Mervyn Peake aurait eu 100 ans en juillet dernier.
C'était un tricoteur d'univers.
Sa trilogie Gormenghast est un fabuleux travail d’orfèvre et d’enlumineur, voire même d’artificier, faisant se mêler aux plus violentes visions rimbaldiennes les douceurs tendres de l’enfance. C'est un maitre (illustrateur aussi) du macabre, du farfelu et du grotesque et un voyageur des profondeurs des abîmes de l'imaginaire.
Né en Chine en 1911, il y grandira jusqu'à ses 17 ans. Développant rapidement une aptitude dans le dessin, il étudiera en Angeleterre à la Croydon School of Art et à la Royal Academy School s'appliquant sur ce talent. Il présente des toiles avec succès et enseigne l'art où il y rencontre la peintre Maeve Gilmore qu'il épousera et avec laquelle il aura 3 enfants.
En 1946, parait Titus Groan, le premier volet d'une trilogie racontant l'histoire d'une dynastie logée dans le château fantaisiste et ritualiste de Gormenghast. Un château aux personnages grotesques et aux corridors labyrinthes gothiques. Gormenghast, le second volet, parait quatre ans plus tard. Il illustre ses deux livres lui-même et se développe des admirateurs, dont l'auteur Graham Greene parmi ses fans. Un fan qui deviendra aussi un ami.
Il publie aussi de la très accomplie poésie en 1941 et en 1944 entre autre qui feront de Dylan Thomas un admirateur et un ami supplémentaire. Il publie Letters From a Lost Uncle en 1948 et Mr Pye en 1953. Il illustre toujours ses romans de quelques dessins ici et là.

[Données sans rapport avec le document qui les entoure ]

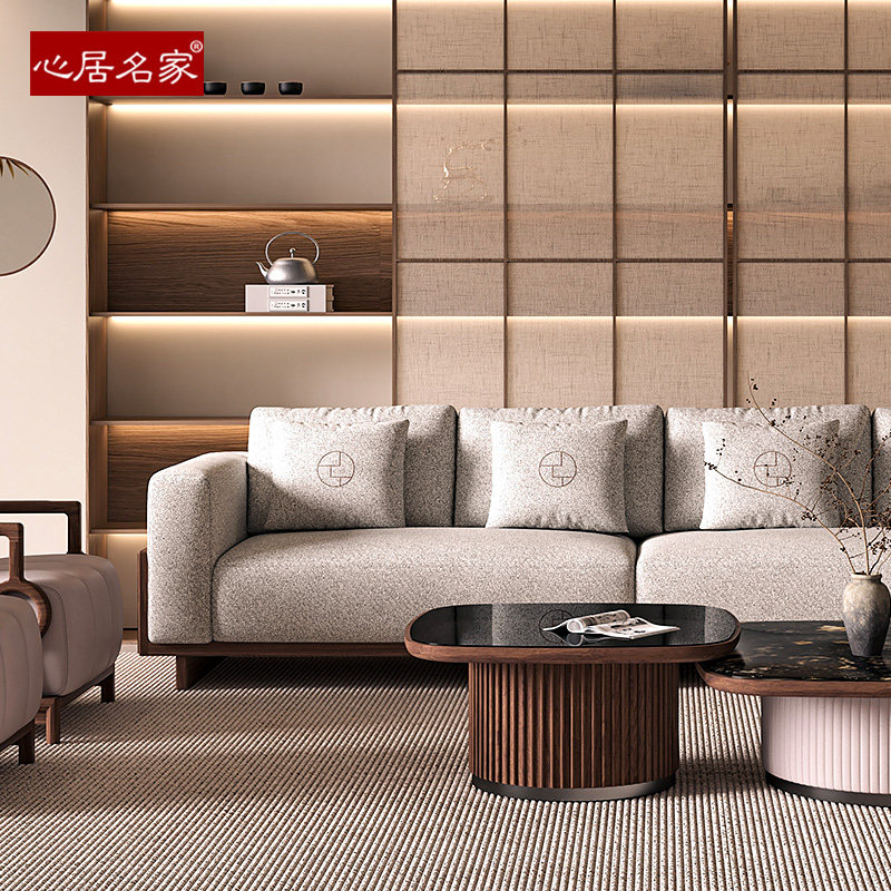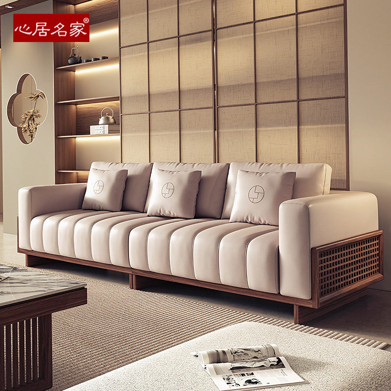 宋式 客厅北美黑胡桃木头层真皮 美学实木沙发直排组合布艺禅意中式由
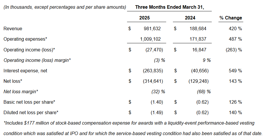 Отчеты NVIDIA в первом квартале затмили финансовый отчет CoreWeave в первом квартале, который показал рост выручки на 420%, а также 487% эксплуатационных расходов. Чистые убытки компании расширились на 143% по сравнению с годом ранее. Его акции снизились вскоре после того, как финансовые показатели были выпущены 14 мая.

Il place tous ses espoirs dans une pièce de théâtre en 1957 qui sera un cuisant échec, il tombe dans une sévère dépression dont il ne se relevera jamais complètement. C'est que la maladie de Parkinson commence aussi à lui rentrer dans le corps. Il publie le dernier volet de la trilogie de Gormenghast, Titus Alone en 1959, mais la maladie est si intense que, bien que le livre commence bien, il se termine confus et bourré d'erreurs de lieu, de temps et de personnages. L'histoire se passe à peine dans le château et semble légèrement déconnectée de la direction des deux premiers livres.
Il illustre Droll Stories de Balzac en 1961 et un de ses poèmes de guerre The Rhyme of the Flying Bomb l'année suivante. Avec extrèmement de difficultés causées par la maladie de Parkinson.
Dans les années 80, la BBC Radio 4 présente une adaptation radio des deux premiers livres de la trilogie avec Sting et Freddie Jones comme voix principales.
En 2000, pour la BBC télé, on tourne une série, toujours inspirée seulement des deux premiers tomes, mettant en vedette Jonathan Rhys-Myers dans le rôle du jeune cuisinier Steerpike qui a soif de liberté et de pouvoir malsain, Neve McIntosh dans le rôle de Fushia, June Brown, Ian Richardson, le grand Christopher Lee en Mr Flay, Richard Griffiths, Warren Mitchell, Celia Imrie, Lynsey Baxter et Zoë Wanameker dans le rôle des troublantes jumelles Cora & Clarice, John Sessions, Olga Sosnovska, Stephen Fry, Eric Sykes et Spike Milligan dans son tout dernier rôle.
Le canadien Robertson Davies et l'anglais Clave Staple Lewis étaient de grands fans de la trilogie (le dernier étant aussi un proche de Tolkien).
Robert Smith a écrit The Drowning Man en s'inspirant du personnage de Fuschia dans la trilogie.
Un prof qui m'inspire beaucoup m'a poussé vers cet auteur et voilà quelques semaines que je cherchais cette trilogie difficile à trouver en magasin ou en bibliothèque.
J'avais envie de traces de culture chinoise dans mon occident accidenté.
Je suis excité comme un bambin à Noël.
L'un de mes films préférés de tout les temps** est aussi empreint de grotesque.
Ne me cherchez pas je m'enferme dans un château gothique.
Pour une lecture épique.
*L'univers de Peake n'a rien à voir avec celui de Tolkien, sinon je ne le lirais pas, j'ai détesté Tolkien. Ils n'ont que le mot "fantasy" en commun. Un univers qui m'est, à bien y penser, passablement étranger...Mais pas le macabre, le farfelu et le grotesque.
** Michael Nyman mérite une place au paradis pour cette seule trame sonore.